Publications
Publications
- Harvard Data Science Review
The Importance of Being Causal
By: Iavor I Bojinov, Albert Chen and Min Liu
Abstract
Causal inference is the study of how actions, interventions, or treatments affect outcomes of interest. The methods that have received the lion’s share of attention in the data science literature for establishing causation are variations of randomized experiments. Unfortunately, randomized experiments are not always feasible for a variety of reasons, such as an inability to fully control the treatment assignment, high cost, and potential negative impacts. In such settings, statisticians and econometricians have developed methods for extracting causal estimates from observational (i.e., nonexperimental) data. Data scientists’ adoption of observational study methods for causal inference, however, has been rather slow and concentrated on a few specific applications. In this article, we attempt to catalyze interest in this area by providing case studies of how data scientists used observational studies to deliver valuable insights at LinkedIn.

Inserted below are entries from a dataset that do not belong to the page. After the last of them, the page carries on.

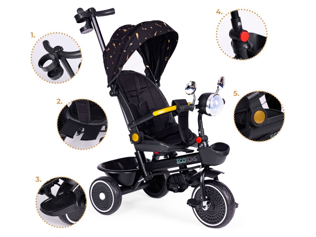 Objavte trojkolku od spoločnosti ECOTOYS, ideálny spoločník na detské prechádzky a dobrodružstvá, ktorý spája mnoho praktických riešení, aby vášmu dieťaťu poskytol pohodlná a bezpečná hra . Bicykel je navrhnutý tak, aby rástol spolu s vaším dieťaťom a prispôsoboval sa jeho veku a potrebám. Nie je to len dopravný prostriedok - je to investícia do šťastných a bezpečných chvíľ vášho dieťaťa.
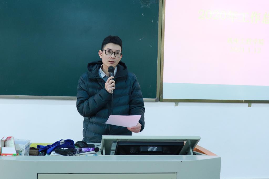 1月12日下午,机电工程学院在实训楼D312召开2020年工作总结会,赖小景副校长、学院全体教职工参加了此次活动,会议由钟建坤院长主持。
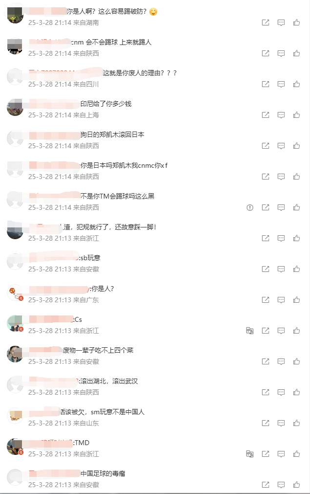 踢傷王鈺棟,鄭凱木微博被沖數百條:毒瘤、印尼給你多少錢?
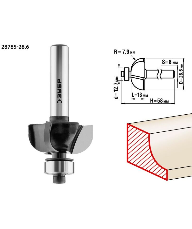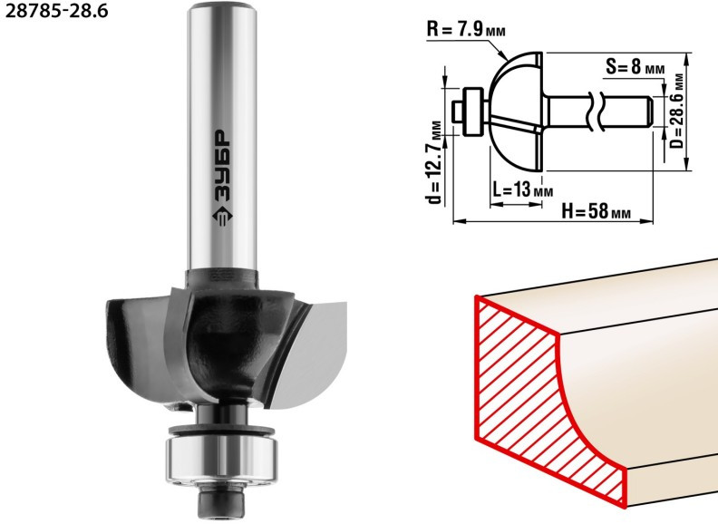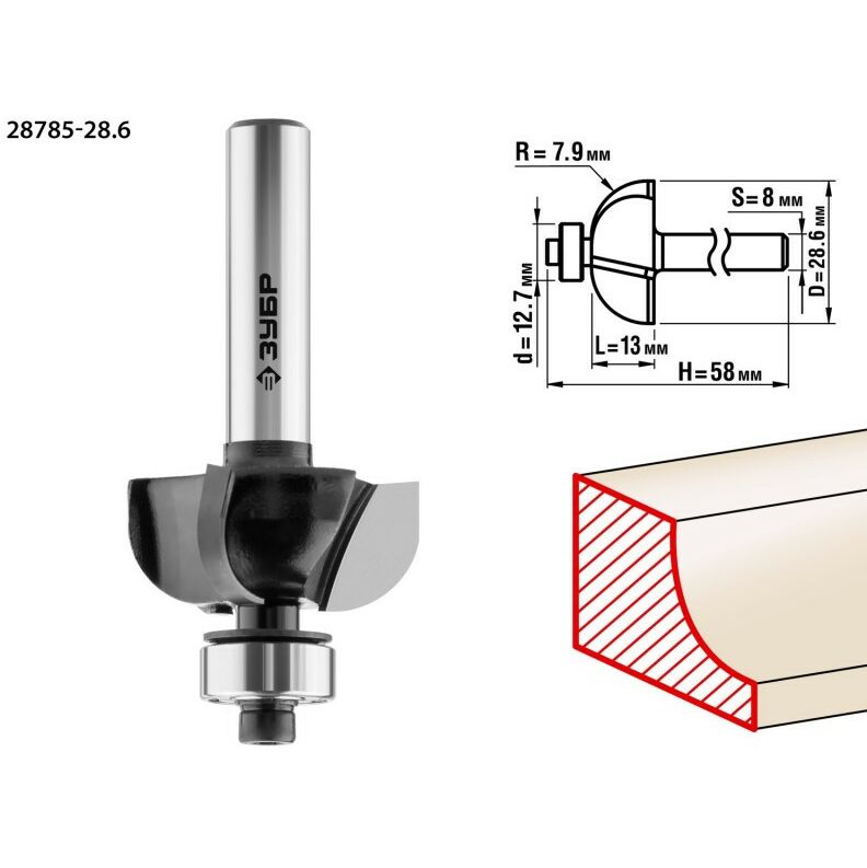 Фреза кромочная калевочная Зубр №2 28.6x13мм радиус 7.9мм [28785-28.6]

These case studies employ a variety of methods, and we highlight some themes and practical considerations. Drawing on our learnings, we then explain how firms can develop an organizational culture that embraces causal inference by investing in three key components: education, automation, and certification.
Keywords
Causal Inference; Observational Studies; Cross-sectional Studies; Panel Studies; Interrupted Time-series; Instrumental Variables
Citation
Bojinov, Iavor I., Albert Chen, and Min Liu. "The Importance of Being Causal." Harvard Data Science Review 2.3 (July 30, 2020).